WHAT THIS TASK INVOLVES: Your task is to transcribe the lines from the start of the data below through the line containing "The Park Ridge 6-Drawer Chest seamlessly", inclusive, exactly as they stand and without the pictures.

BEGIN SUPPLIED INFORMATION

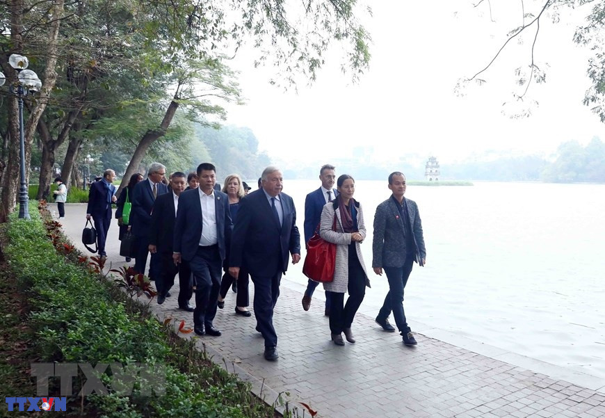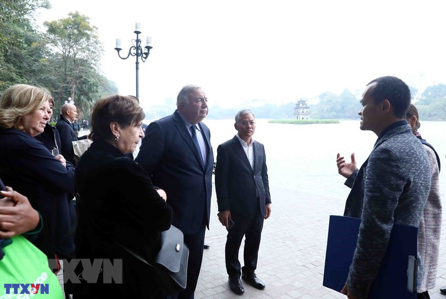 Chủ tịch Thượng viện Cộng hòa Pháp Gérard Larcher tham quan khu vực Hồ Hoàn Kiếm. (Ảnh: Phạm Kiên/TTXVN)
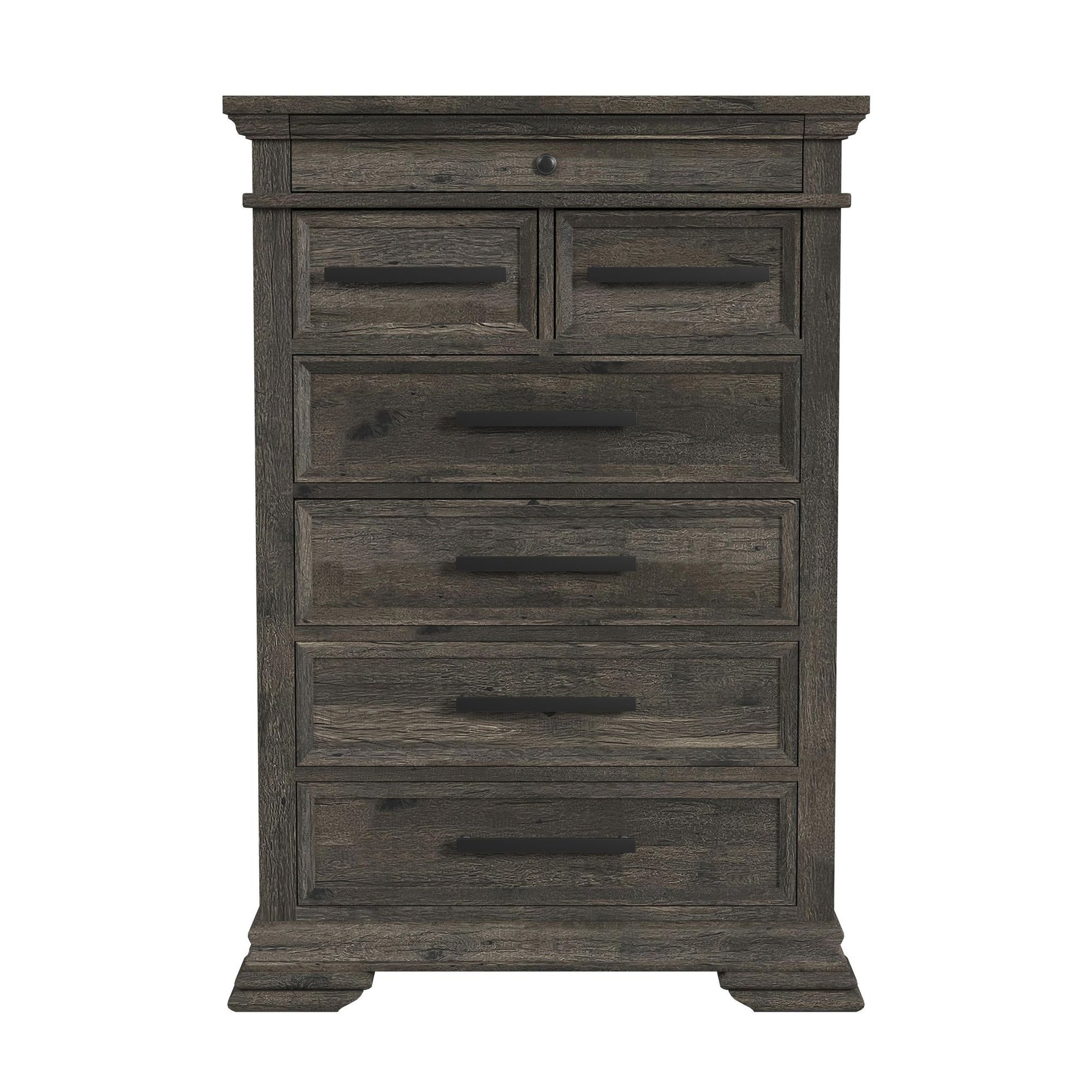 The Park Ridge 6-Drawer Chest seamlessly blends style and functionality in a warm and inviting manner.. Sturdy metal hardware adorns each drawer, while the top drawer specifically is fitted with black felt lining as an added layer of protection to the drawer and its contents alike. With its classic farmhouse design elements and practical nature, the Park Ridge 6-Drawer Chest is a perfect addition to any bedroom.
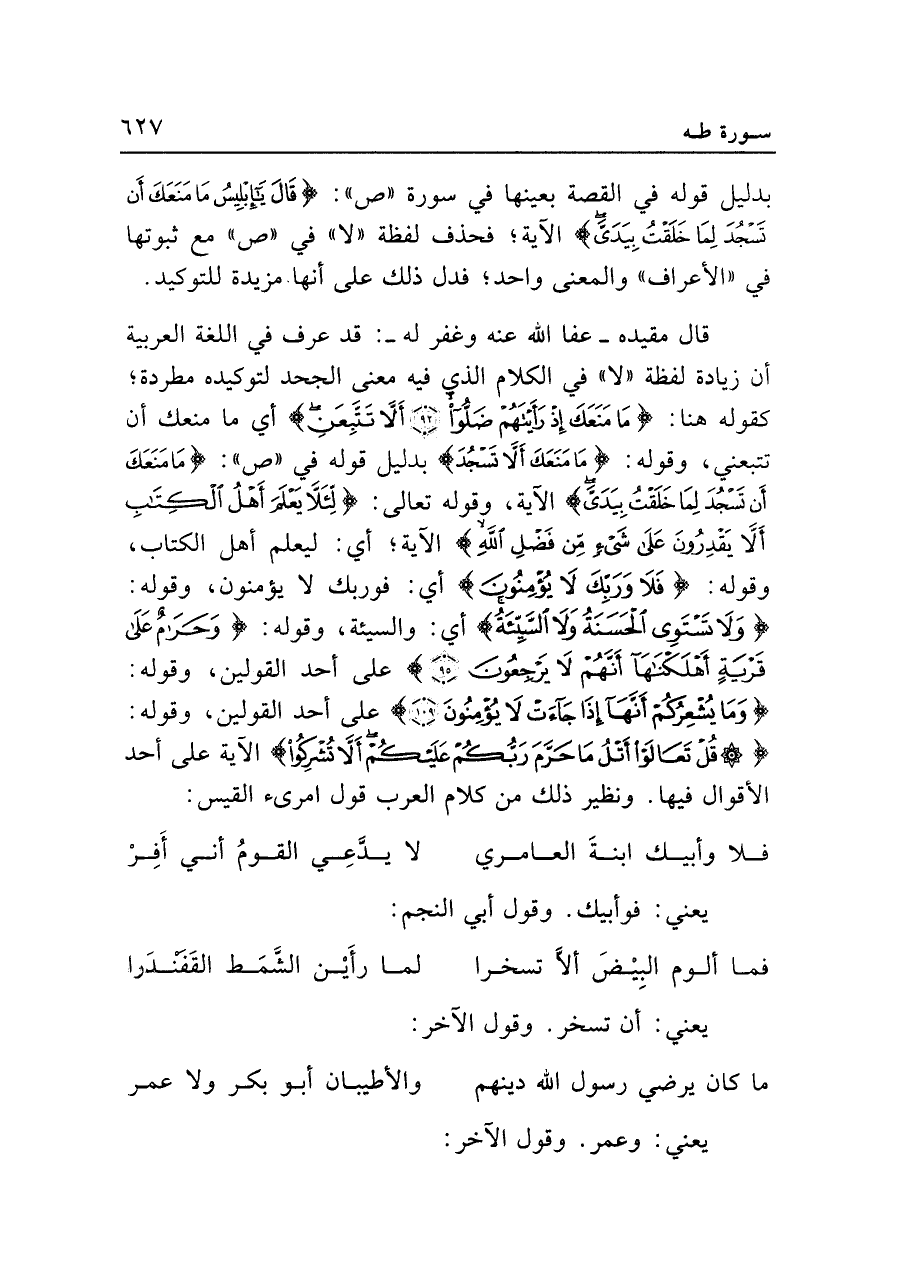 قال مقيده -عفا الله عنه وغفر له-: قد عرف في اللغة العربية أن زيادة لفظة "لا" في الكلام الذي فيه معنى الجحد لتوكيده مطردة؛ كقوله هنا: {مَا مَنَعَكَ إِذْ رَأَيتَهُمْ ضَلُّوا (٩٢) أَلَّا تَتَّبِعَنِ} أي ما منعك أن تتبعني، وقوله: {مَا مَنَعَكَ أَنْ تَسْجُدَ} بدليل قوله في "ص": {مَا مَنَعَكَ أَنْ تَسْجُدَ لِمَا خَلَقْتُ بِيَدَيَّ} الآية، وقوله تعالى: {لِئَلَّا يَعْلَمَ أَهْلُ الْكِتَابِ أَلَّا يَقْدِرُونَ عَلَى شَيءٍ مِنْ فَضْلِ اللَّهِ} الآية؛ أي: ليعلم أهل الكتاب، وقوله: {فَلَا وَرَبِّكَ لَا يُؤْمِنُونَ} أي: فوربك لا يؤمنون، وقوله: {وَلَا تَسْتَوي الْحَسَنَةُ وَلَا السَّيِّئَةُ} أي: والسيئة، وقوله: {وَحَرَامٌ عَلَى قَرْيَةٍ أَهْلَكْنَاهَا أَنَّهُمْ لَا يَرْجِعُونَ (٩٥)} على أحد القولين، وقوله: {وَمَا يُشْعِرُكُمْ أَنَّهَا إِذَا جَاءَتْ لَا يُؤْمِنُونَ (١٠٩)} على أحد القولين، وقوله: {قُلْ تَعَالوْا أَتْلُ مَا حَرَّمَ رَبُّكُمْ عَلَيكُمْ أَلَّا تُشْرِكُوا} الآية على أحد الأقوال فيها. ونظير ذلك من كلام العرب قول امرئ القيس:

END SUPPLIED INFORMATION

TASK ANSWER:
 Chủ tịch Thượng viện Cộng hòa Pháp Gérard Larcher tham quan khu vực Hồ Hoàn Kiếm. (Ảnh: Phạm Kiên/TTXVN)
 The Park Ridge 6-Drawer Chest seamlessly blends style and functionality in a warm and inviting manner.. Sturdy metal hardware adorns each drawer, while the top drawer specifically is fitted with black felt lining as an added layer of protection to the drawer and its contents alike. With its classic farmhouse design elements and practical nature, the Park Ridge 6-Drawer Chest is a perfect addition to any bedroom.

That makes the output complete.